## DATA SEGMENT
[Start of section]

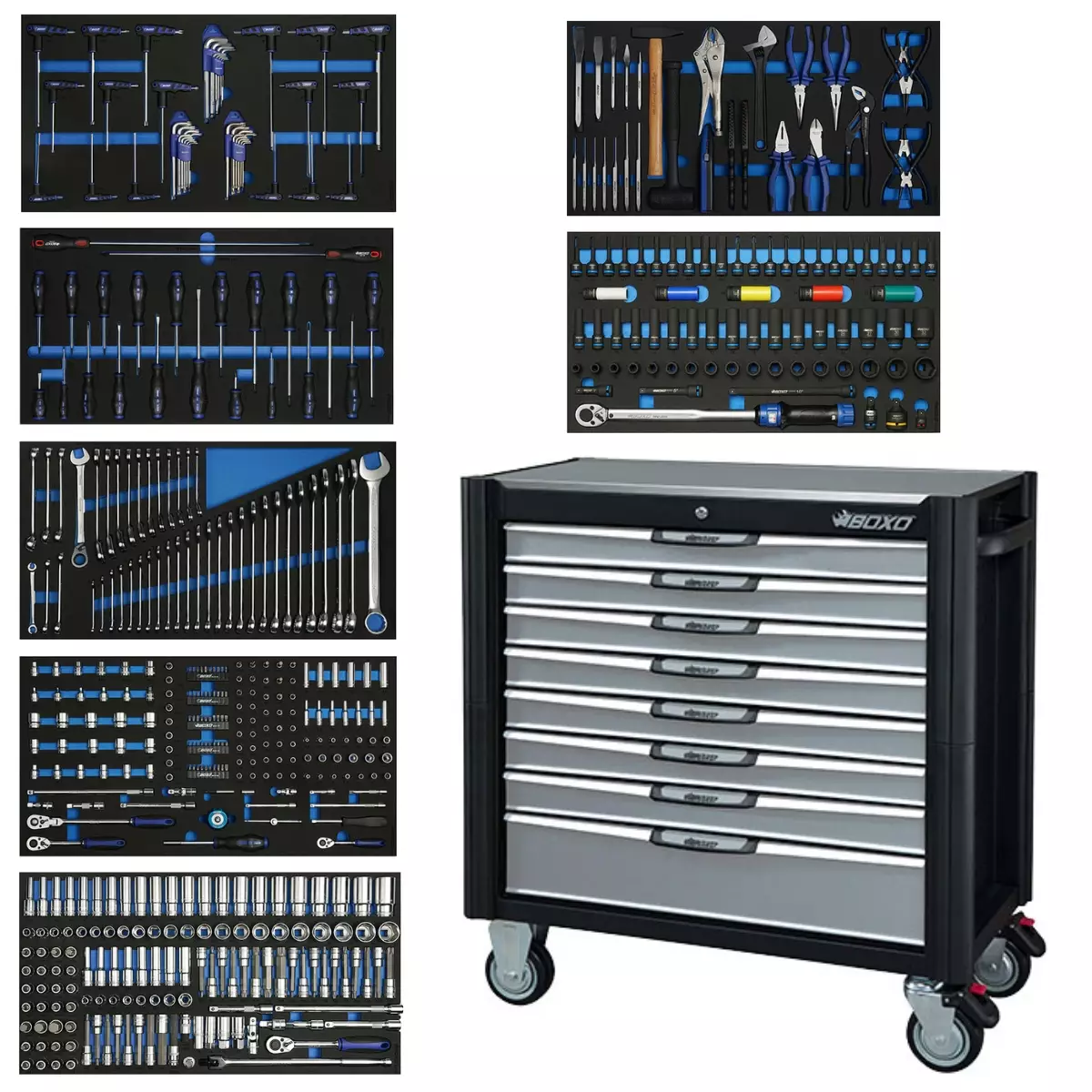 Työkaluvaunu kahdeksalla vetolaatikolla ja 518-osaisella työkalusarjalla. Kahdeksan kuulalaakeroitua vetolaatikkoa keskuslukituksella, vain yksi vetolaatikko aukeaa kerrallaan. Vaunun kulmissa törmäyssuojat ja päädyissä reikälevyseinät, joissa yleisimmin käytetty 9x38 mm reikäjako. Kansi ruostumatonta terästä. Laatikoiden vetokahvat pitävää kaksikomponenttimateriaalia. Vaunun alin vetolaatikko jää tyhjäksi omia työkaluja ja tarvikkeita varten. Alimman vetolaatikon mitat L 752 x S 397 x K 152 mm.
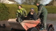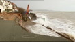 Storms in South West England continue; ENGLAND: Devon: Dawlish:EXTHeavy sea waves breaking over damaged (but still intact) section of coastal railway line Waves breaking against sea front promenade wallDamaged section of coastal railway track (seen from station platform)Somerset:General view of flooded fieldsHigh angle shot of flooded fields and country roadDevon: Dawlish:Railway repair workers at site of collapsed section of coastal railway track as waves crash over siteCornwall: Kingsand:DAWNWorkers attempting to repair collapsed base of damaged seafront clock tower (destroyed by storms) - waves breaking onto rocks and beach alongsideDAWN endsDevon: Westward Ho!:Collapsed seaction of seafront cliff near large seafront hotel / restaurantRob Braddick (Restaurant Owner) interview SOTChesil Beach:British soldiers (British troops) unloading mechanical diggers from lorries on beach (preparing to rebuild coastal defences)Row of mechanical diggers (British Army mechanical diggers) lined up on beachReporter to cameraSomerset: Moorland:Woman sits in RNLI rescue dinghy as rescue workers pull it along flooded suburban streetPeople sit on small tractor as along flooded suburban streetBurrowbridge:Superintendent Ian Wylie (Avon and Somerset Police) interview SOT
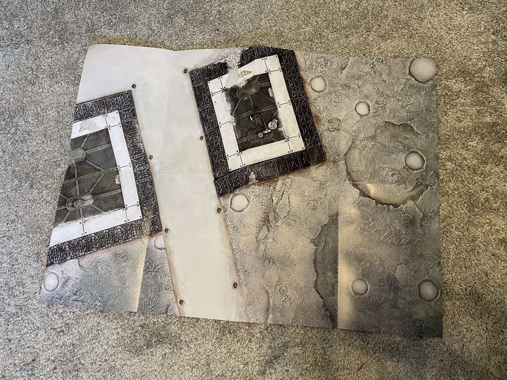 Canoptek Plasmacyte. Credit: PendulinWe finally level up from the tiny paper playmat to a firmer, larger paper playmat. This 22x30 mat replaces the old Mars/Necron Discotheque one. This is half the size for even a Combat Patrol 40k game, but the exact size of modern Kill Team. It's forward thinking and more useful than the previous one for longer-term hobbyists. This issue's scenario uses this new Mars-themed side, which has printed spots where we will later place some Munitorum Cargo Containers. A small boxout tells you to ignore these for now, but future issues will have said terrain in them. However, on the other side there's a treat for Goonhammer readers: a moon-themed board which I dub Moonbase Klaisus Secundus:

[End of section]

Every line of the data above should be returned exactly, with the pictures removed.

 Työkaluvaunu kahdeksalla vetolaatikolla ja 518-osaisella työkalusarjalla. Kahdeksan kuulalaakeroitua vetolaatikkoa keskuslukituksella, vain yksi vetolaatikko aukeaa kerrallaan. Vaunun kulmissa törmäyssuojat ja päädyissä reikälevyseinät, joissa yleisimmin käytetty 9x38 mm reikäjako. Kansi ruostumatonta terästä. Laatikoiden vetokahvat pitävää kaksikomponenttimateriaalia. Vaunun alin vetolaatikko jää tyhjäksi omia työkaluja ja tarvikkeita varten. Alimman vetolaatikon mitat L 752 x S 397 x K 152 mm.
 Storms in South West England continue; ENGLAND: Devon: Dawlish:EXTHeavy sea waves breaking over damaged (but still intact) section of coastal railway line Waves breaking against sea front promenade wallDamaged section of coastal railway track (seen from station platform)Somerset:General view of flooded fieldsHigh angle shot of flooded fields and country roadDevon: Dawlish:Railway repair workers at site of collapsed section of coastal railway track as waves crash over siteCornwall: Kingsand:DAWNWorkers attempting to repair collapsed base of damaged seafront clock tower (destroyed by storms) - waves breaking onto rocks and beach alongsideDAWN endsDevon: Westward Ho!:Collapsed seaction of seafront cliff near large seafront hotel / restaurantRob Braddick (Restaurant Owner) interview SOTChesil Beach:British soldiers (British troops) unloading mechanical diggers from lorries on beach (preparing to rebuild coastal defences)Row of mechanical diggers (British Army mechanical diggers) lined up on beachReporter to cameraSomerset: Moorland:Woman sits in RNLI rescue dinghy as rescue workers pull it along flooded suburban streetPeople sit on small tractor as along flooded suburban streetBurrowbridge:Superintendent Ian Wylie (Avon and Somerset Police) interview SOT
 Canoptek Plasmacyte. Credit: PendulinWe finally level up from the tiny paper playmat to a firmer, larger paper playmat. This 22x30 mat replaces the old Mars/Necron Discotheque one. This is half the size for even a Combat Patrol 40k game, but the exact size of modern Kill Team. It's forward thinking and more useful than the previous one for longer-term hobbyists. This issue's scenario uses this new Mars-themed side, which has printed spots where we will later place some Munitorum Cargo Containers. A small boxout tells you to ignore these for now, but future issues will have said terrain in them. However, on the other side there's a treat for Goonhammer readers: a moon-themed board which I dub Moonbase Klaisus Secundus:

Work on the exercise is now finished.